The second number will be a little harder to achieve, especially if the market is currently fully priced. This means that if you had bought into any of the great companies back then, chances are you'll have difficulty getting at least 40% return over five years.

This is not impossible, but it adds a lot of risk for your investment, and most people will trade away returns for safety at this point.

Once you're ready to re-enter the market, that would be another story, we may even see 100% or more return on capital at that time, and if you're fully invested, it could be a great time to make some money.

If you're not sure what businesses are trading at less than 20% return on capital, the simplest way is to do this quick test. Add up the free cash flow of all your businesses and if it's less than 20%, then ask yourself why since these are returns you already have.

2. Great Stock Portfolios Have High Margin Of Safety

As a stock investor, you should never risk more than 5-10% of your capital on any given investment, otherwise it's too risky for most people. If you have limited resources, the lower the better, but there are also businesses priced at a 20% margin of safety that are still great investments.

This means that you should never buy anything at market prices, instead try to find undervalued opportunities where you can get in at 50-70% off the current price. When the market corrects these will be even cheaper, so there's no need to rush. It also has requires being patient and waiting for the stock price to go down before you make your investment.
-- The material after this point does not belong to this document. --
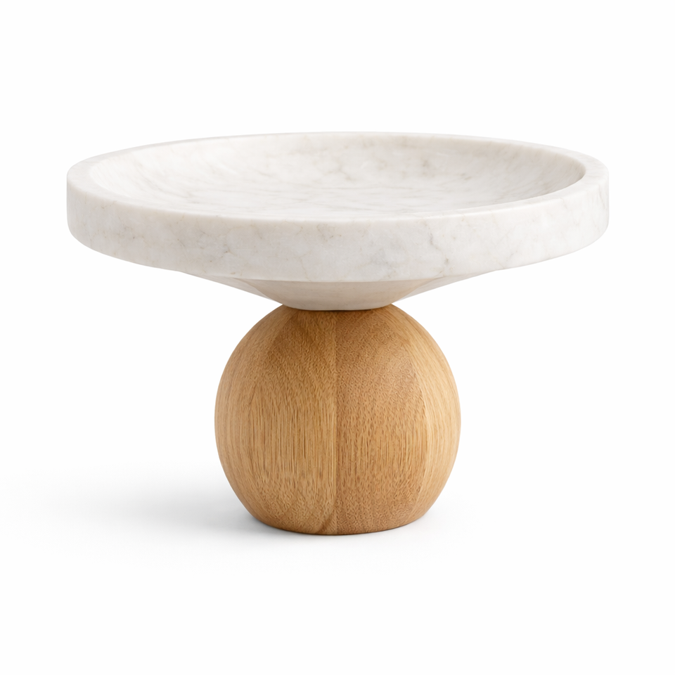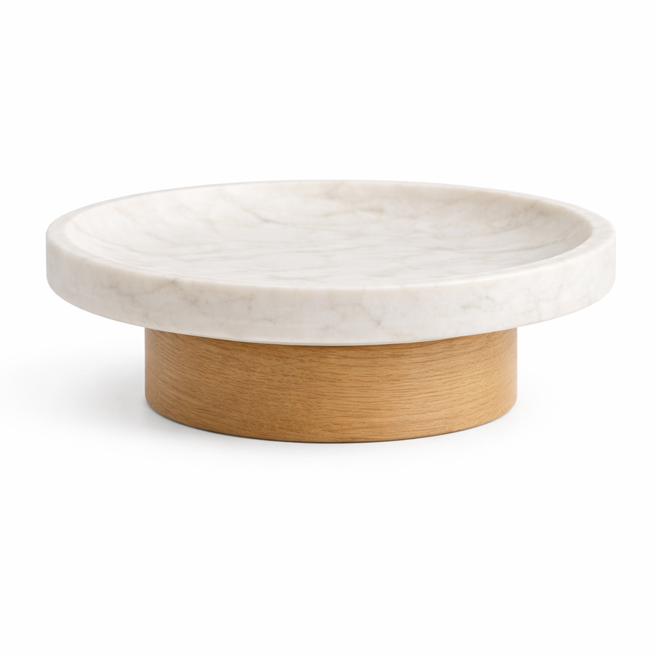 ถาดเสิร์ฟหินอ่อนสีขาวพร้อมฐานไม้สีดำทรงกลม ถาดวางโชว์บนโต๊ะยกสูงสำหรับรับประทานอาหารและการตกแต่งบ้านสไตล์หรูหรา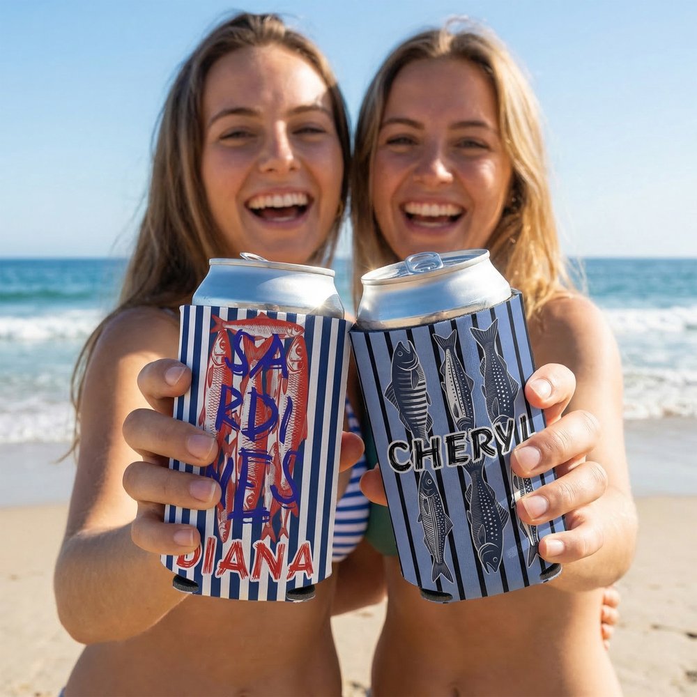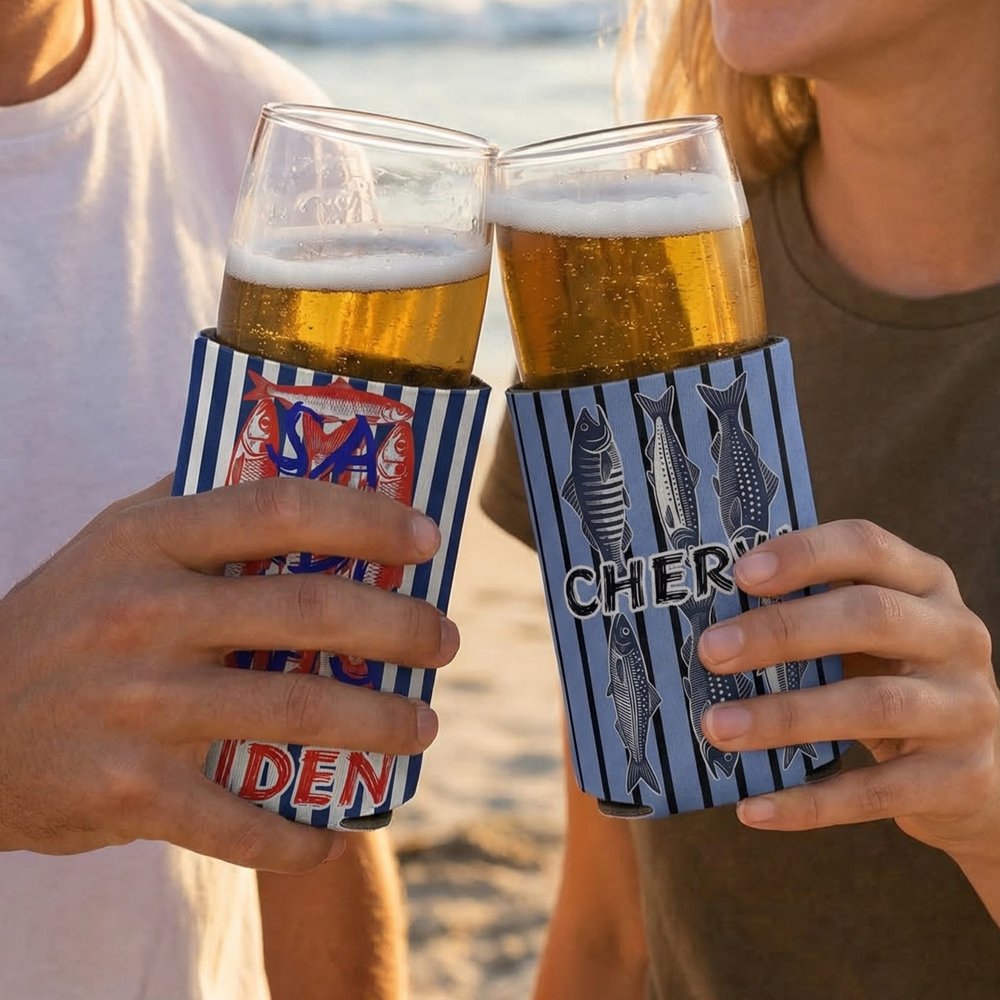 Les sardines, les maquereaux et les flets sont des éléments créatifs, associés à un nom personnalisable. Les dessins vivants et intéressants sont distinctifs et facilement reconnaissables, et répondent parfaitement aux préférences des amateurs de pêche, faisant du manchon de la tasse un souvenir unique et personnalisé.

3. Great Stock Portfolios Take Advantage Of Tax Savings & Is Not Held At Retirement Accounts

If you learn anything from this article, let it be that if you don't take advantage of tax savings, you'll lose out on a lot of money. The market is very efficient in pricing things, but it does not take into account tax savings or retirement accounts, so this is where you can take advantage of the market.

You should always try to buy undervalued assets in your name if possible because you have much better control over it. If things are priced right, I would only buy in a retirement account when it's under 50% off the market price.

If you have a business, then it's even better, you're able to take advantage of tax savings without holding too much capital inside your retirement account, which is what most rich people do because it eliminates the risk of being audited.

Above all else, maintaining a portfolio that has these qualities will ensure that you have good returns over the long term.